Install GX
GX 1.0 is a Python library. Follow the instructions in this guide to install GX in your local Python environment, or as a notebook-scoped library in hosted environments such as Databricks or EMR Spark clusters.
Prerequisites
- Python version 3.8 to 3.11
- Recommended. A Python virtual environment
- Internet access
- Permissions to download and install packages in your environment
Install the GX Python library
- Local
- Hosted environment
- GX Cloud
GX 1.0 is a Python library and as such can be used with a local Python installation to access the functionality of GX through Python scripts.
Installation and setup
-
Optional. Activate your virtual environment.
If you created a virtual environment for your GX Python installation, browse to the folder that contains your virtual environment and run the following command to activate it:
Terminal inputsource my_venv/bin/activate
-
Ensure you have the latest version of
pip
:Terminal inputpython -m ensurepip --upgrade
-
Install the GX 1.0 library:
Terminal inputpip install great_expectations
-
Verify that GX installed successfully with the terminal command:
Terminal inputgreat_expectations --version
If GX was successfully installed, the following output appears:
Terminal outputgreat_expectations, version 1.0.0a4
Hosted environments such as EMR Spark or Databricks clusters do not provide a filesystem to install your GX instance. Instead, you must install GX in memory using the Python-style notebooks available on those platforms.
- EMR Spark notebook
- Databricks notebook
Use the information provided here to install GX on an EMR Spark cluster and instantiate a Data Context without a full configuration directory.
Additional prerequisites
- An EMR Spark cluster.
- Access to the EMR Spark notebook.
Installation and setup
-
To install GX on your EMR Spark cluster copy this code snippet into a cell in your EMR Spark notebook and then run it:
Pythonsc.install_pypi_package("great_expectations")
-
Create an in-code Data Context. See Instantiate an Ephemeral Data Context.
-
Copy the Python code at the end of How to instantiate an Ephemeral Data Context into a cell in your EMR Spark notebook, or use the other examples to customize your configuration. The code instantiates and configures a Data Context for an EMR Spark cluster.
-
Execute the cell with your Data Context initialization and configuration.
-
Run the following command to verify that GX was installed and your in-memory Data Context was instantiated successfully:
Pythoncontext.list_datasources()
Databricks is a web-based platform that automates Spark cluster management.

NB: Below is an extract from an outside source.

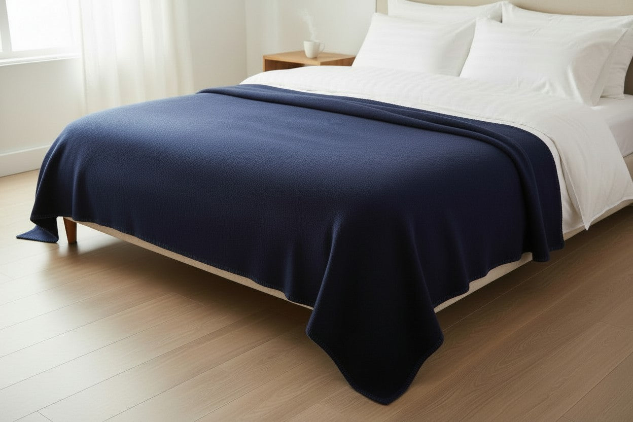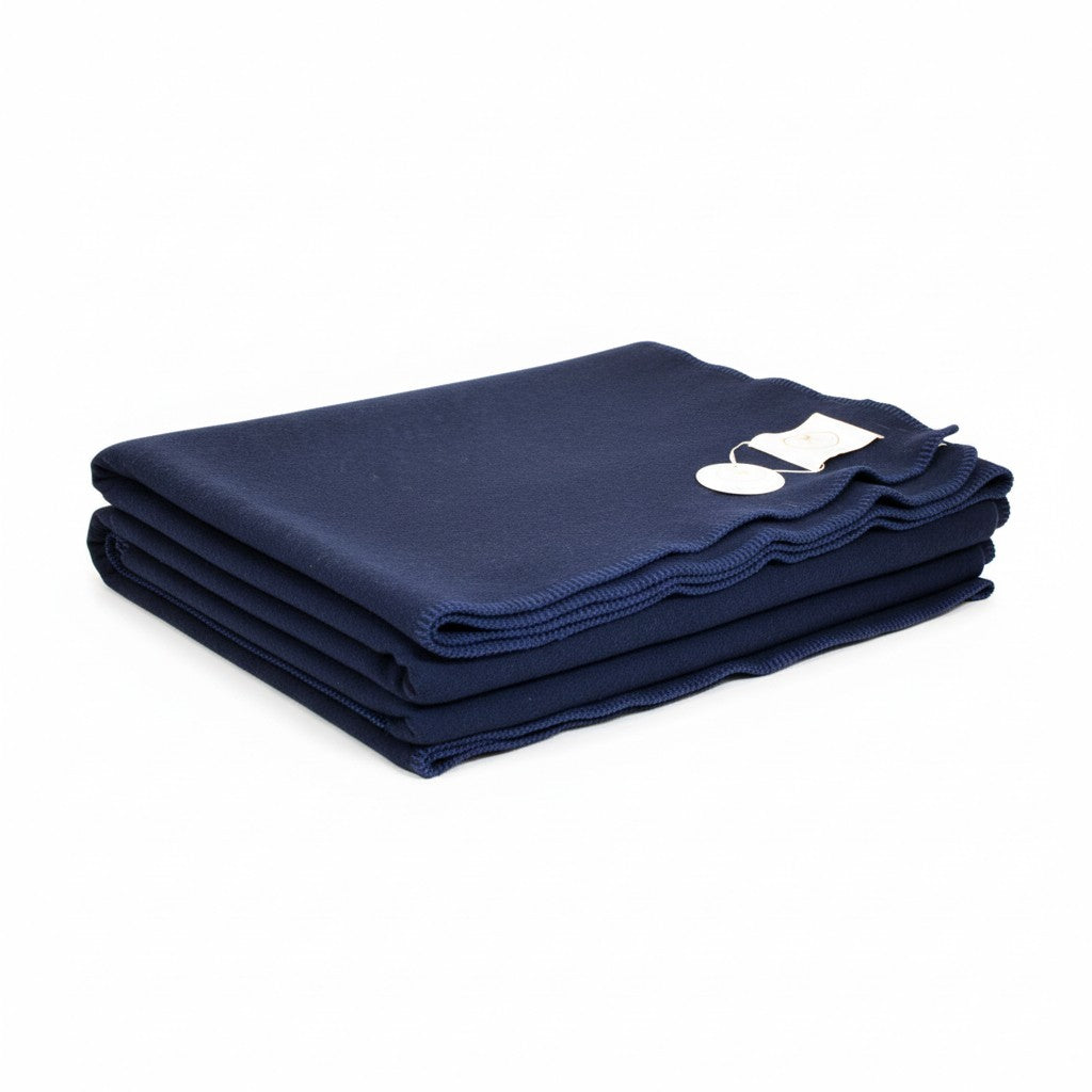 Offerta speciale! Coperta pesante in pura Lana di colore blu scuro rifinita a Punto cavallo Blu

To avoid configuring external resources, you'll use the Databricks File System (DBFS) for your Metadata Stores and Data Docs store.

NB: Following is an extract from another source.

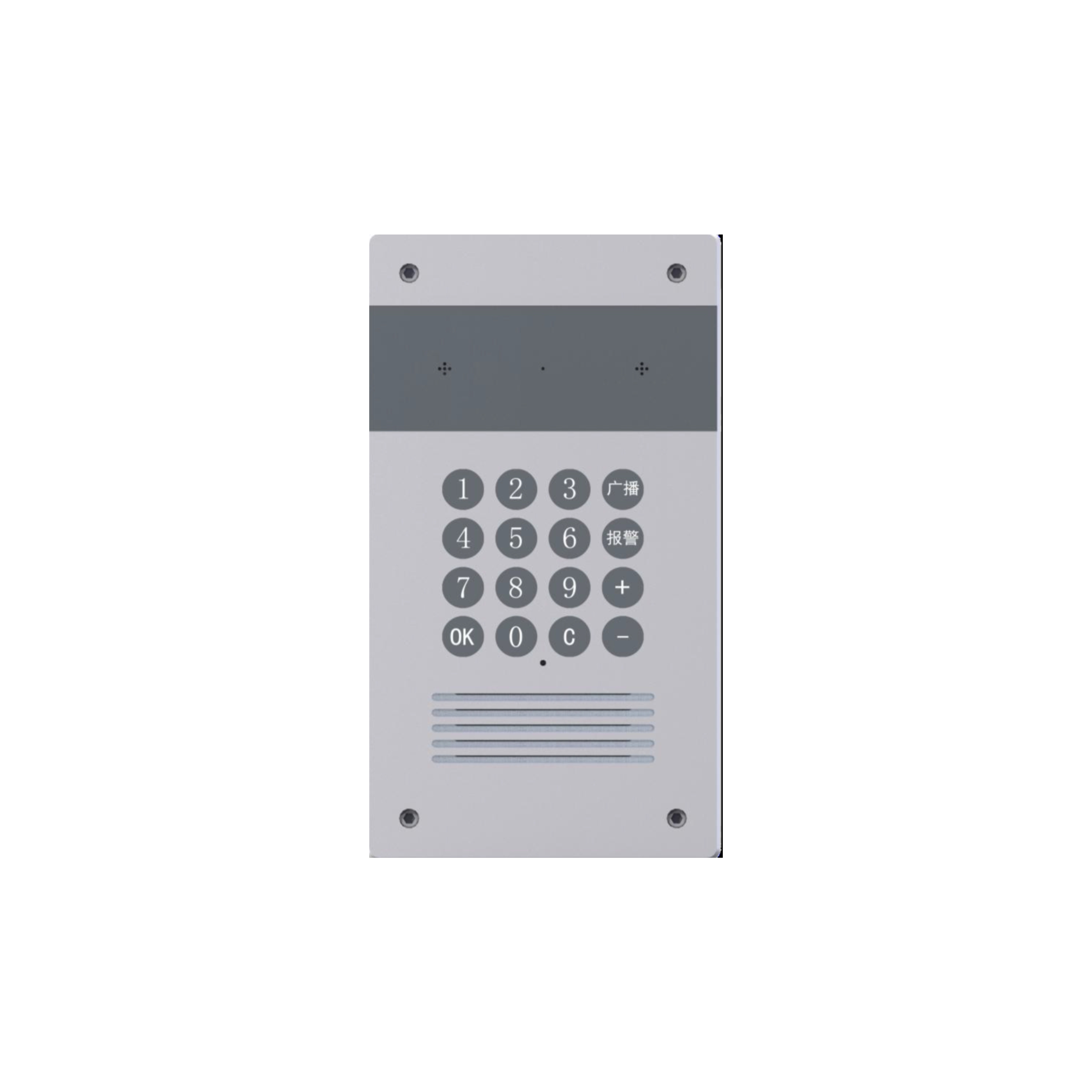3、16個金屬按鍵輸入,可自由撥號對講,一鍵報警和廣播尋呼;
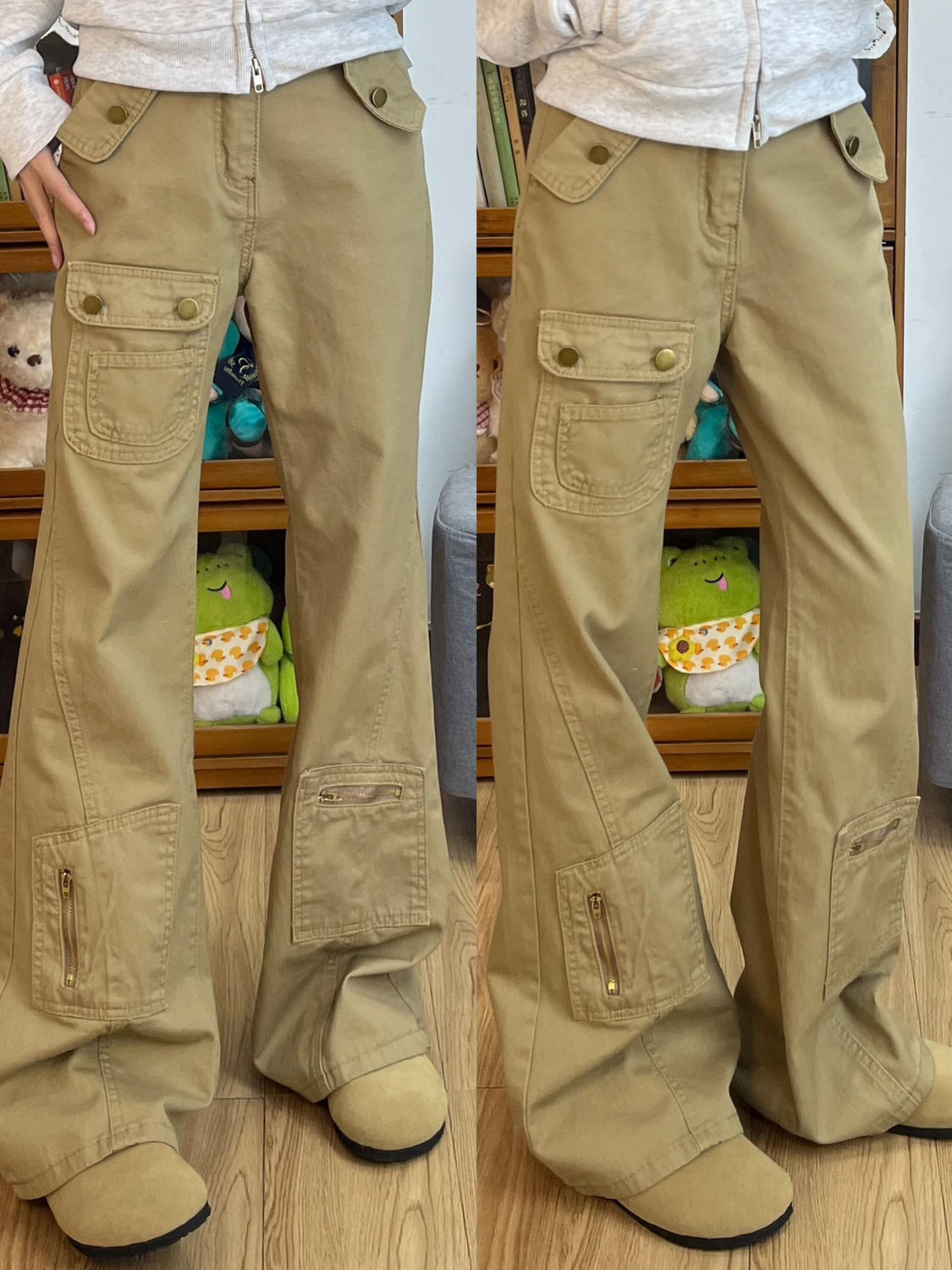 아메리칸 스타일 카키 디자인 센스 툴링 청바지 여성용 겨울 레트로 하이 웨이스트 스트레이트 슬리밍 트럼펫 바지

DBFS is a distributed file system mounted in a Databricks workspace and available on Databricks clusters. Files on DBFS can be written and read as if they were on a local filesystem by adding the /dbfs/ prefix to the path. It also persists in object storage, so you won’t lose data after terminating a cluster. See the Databricks documentation for best practices, including mounting object stores.
Additional prerequisites
- A complete Databricks setup, including a running Databricks cluster with an attached notebook
- Access to DBFS
Installation and setup
-
Run the following command in your notebook to install GX as a notebook-scoped library:
Terminal input%pip install great-expectations
A notebook-scoped library is a custom Python environment that is specific to a notebook. You can also install a library at the cluster or workspace level. See Databricks Libraries.
-
Run the following command to import the Python configurations you'll use in the following steps:
Pythonimport great_expectations as gx
from great_expectations.checkpoint import Checkpoint
from great_expectations.core.expectation_suite import ExpectationSuite -
Run the following code to specify a
/dbfs/
path for your Data Context:Pythoncontext_root_dir = "/dbfs/great_expectations/"
-
Run the following code to instantiate your Data Context:
Pythoncontext = gx.get_context(context_root_dir=context_root_dir)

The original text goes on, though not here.